Slashdot Mirror


Open-Source Language Translator Opens For Beta

mind21_98 writes "A new machine-translator designed for language translation has offically opened for public testing. GPLTrans is a translator similiar to Babelfish. Pre-alpha testing has shown that it is the most accurate of the major Web-based machine translators. More information can be found here. "

2 of 155 comments (clear)

  1. It's the Stamp Collector syndrome by SurfsUp · · Score: 5

    It's common to here the pundits opine that "open source may be good at improving 30-year-old operating systems, but the open-source model just doesn't work when it comes to large scale applications." Various reasons are given, for example: "open source programmers only do what is fun and interesting, and applications aren't interesting". But here we see yet another large-scale application falling to the barbarian hordes.

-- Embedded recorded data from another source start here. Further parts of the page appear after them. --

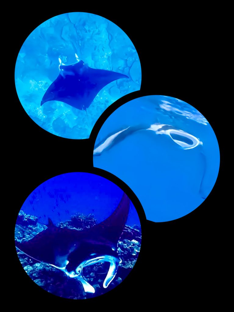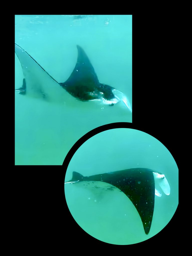 Abwechselnd und nacheinander gehen wir zum Schnorcheln ins Wasser. Was heißt ins Wasser? In ein von unendlich vielen Nesseltierchen und Miniquallen durchsetztes Nass. Kurz überlege ich noch, ob ich mir das antue. Aber noch verspüre ich kein Brennen oder Pieken. Ich habe meinen Shorty an und schwimme mutig durch den feurigen Glibber. Die Sicht ist leider auch durch die Tierchen getrübt. Zielstrebig peile ich dennoch die Rückwand des Viewpoints an. Und wer sagt’s denn, ich sehe erst einen, dann noch einen Manta und eine kleinere Meeresschildkröte. 🥳 Der erste Manta sieht mich natürlich auch und kommt neugierig auf mich zu. Oha, schnell bestätige ich mir nochmal, dass die üüüberhaupt nicht gefährlich sind!
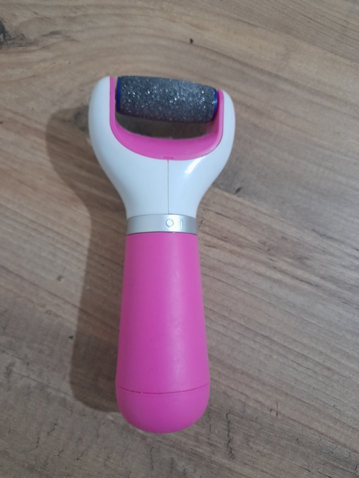 Rahat tutuşlu sapı ve döner aşındırıcı rulosu ile pürüzlü cildi düzeltmek için pembe renkli elektrikli ayak törpüsüdür.Orjinaldir hiç kullanılmadı.
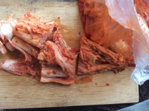 泡菜切块,我的泡菜是超市买的,选泡的时间久点的,比较入味,可以让超市阿姨给你挖点汤,很入味阿。
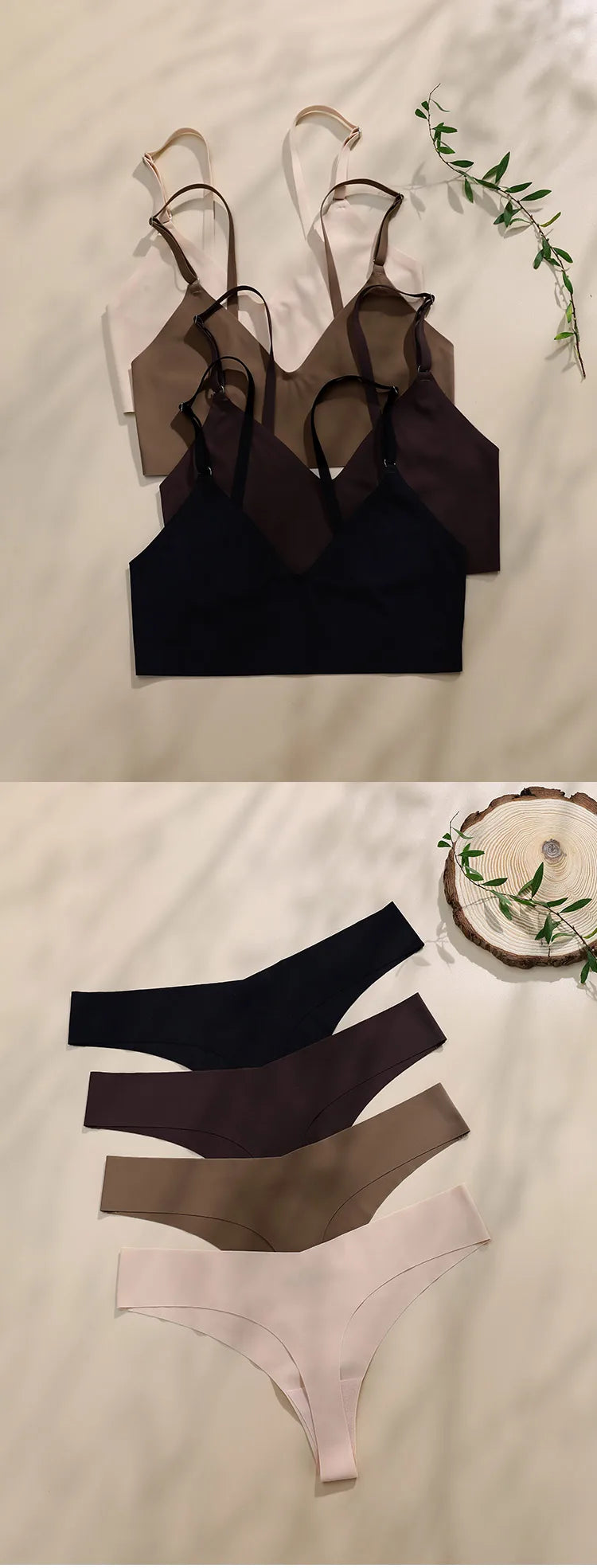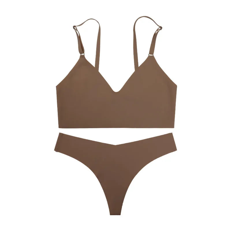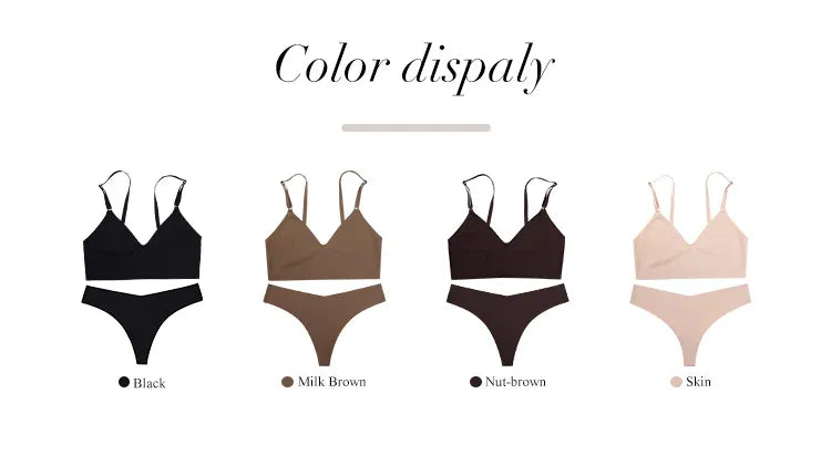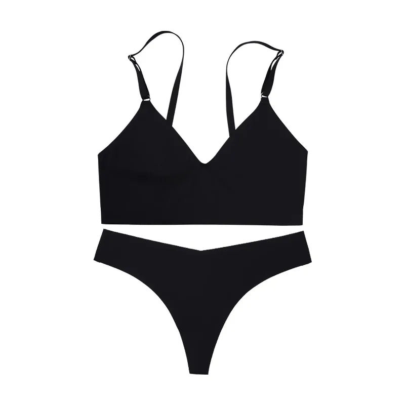 Women’s Seamless V-Neck Wireless Lingerie Set with Panties

    Those pundits are wrong: there is no genre of software that the open-source model will never absorb. Simply because the open-source model results in better software, for reasons that are well-known. And no, there is no no software application that is so uninteresting that no volunteer anywhere in the world will touch it. On the contrary: the more an application area remains untouched, the more interesting it becomes to open-source programmers, simply because it's virgin territory.

    This is the "stamp collector" syndrome: when you already have a goodly number of stamps in your collection, adding the missing ones becomes an obsession.

    --
    Life's a bitch but somebody's gotta do it.
  2. Better Context Analysis by Pingster · · Score: 5

    What most of these language translation programs need is a better understanding of context. I was surprised to find that Altavista's Babelfish utility has very poor analysis of context (possibly none at all). For example, when translating from English to French, "run" always translates to "exécute". For a sentence like
    The computer ran the program.
    you get
    L'ordinateur a exécuté le programme.
    ("The computer executed the program.")
    which is reasonable, but if you translate
    I ran home.
    you get
    J'ai exécuté à la maison.
    ("I executed at the house.")
    which doesn't make any sense. More incredibly, "store" always translates to "mémoire". You would think that, if they were going to force every word to be interpreted in one sense, they would choose the most common meaning. But this choice leads to insanity where
    Tom ran to the store.
    translates to
    Tom a exécuté à la mémoire.
    ("Tom executed to the memory.")

    With knowledge of context, a more advanced system could notice situations in which it was more reasonable for "run" to have a particular meaning. In the last example, "run" is followed by a prepositional phrase indicating a direction, which would imply that the meaning involving physical movement is appropriate, and so on.

    Even more revealing is the fact that the confusion of meaning happens differently for different languages. If you translate

    Tom ran to the store.
    into Spanish, you get the hilarious result:
    Tom se ejecutó al almacén.
    ("Tom executed himself to the warehouse.")
    For translation software that has multiple language targets, i would have expected it to first resolve the meaning of the English sentence into an internal semantic representation before using it to emit Spanish or French. The above would be evidence that the Systran software has no such representation -- or at least that their representation is too weak to indicate the difference between "store" as in "memory" and "store" as in a warehouse.


    -- ?!ng